Roles are also showing a lot of promise at $work as an excellent plugin mechanism. This is where the 'requires' and 'excludes' features are coming in quite handy. They have the potential to prevent a whole class of composition issues which the usual 'mixin' based plugin methods are sometimes plagued with.

Some people have been experimenting with Roles to implement abstract classes and Java-style interfaces. The 'abstract' methods which a classes must implement can just be marked with the 'requires' keyword, and the class which 'does' the role has to implement them.

So, please give Moose 0.09_01 a try and play with Roles, and let me know what you think :)

- Stevan


Interesting assumption there...

Alias on 2006-05-13T03:43:29

"Obviously a class would not want to 'do' both Molecule::Organic and Molecule::Inorganic roles, they are mutually exclusive."

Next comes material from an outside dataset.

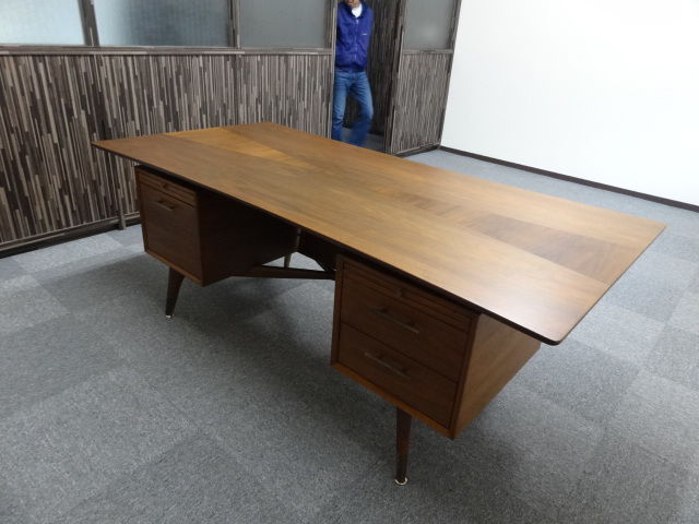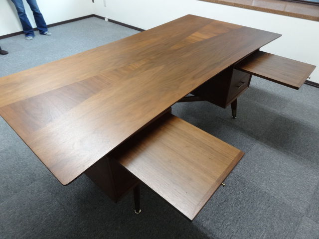 会社を経営されているお客様で、丁度お隣の物件が空いたということ、事務所が手狭だったとのことで、お引っ越しのリフォームをされていて、デスクをお探しだったところにビッグな奴がいたそうです。

I should point out there are organic macromolecules that have the properties of inorganic ones.

So there are molecules out there that ->isa('Organic') but that by some clever tricks can ->does('Inorganic').

excludes seems like a dangerous keyword...

Re:Interesting assumption there...

Stevan on 2006-05-13T05:09:23

Having pretty much failed high school chemisty myself, I will take your word on that. And to be honest, it is not my example, I took it direct from the most recent Fortress spec.

"excludes seems like a dangerous keyword..."

It is.

Probably the best use case for 'excludes' is for tightly coupled role heirarchies, in which you want to provide two mutually exclusive interfaces (immutable and mutable come to mind). While forcing this exclusion might not be 100% appropriate in all cases, it may be appropriate for your roles (the key word here being your and applying only to the actual code written and not the theory behind the concept you are modeling). Having the ability to enforce this can go a long way to ensuring and enforcing proper usage.

And of course, as with many of Moose's features, you don't have to use it if you don't want to.

-Stevan

Re:Interesting assumption there...

Stevan on 2006-05-13T14:58:24

Whoops. Wrong link to the Fortress spec. This one is correct.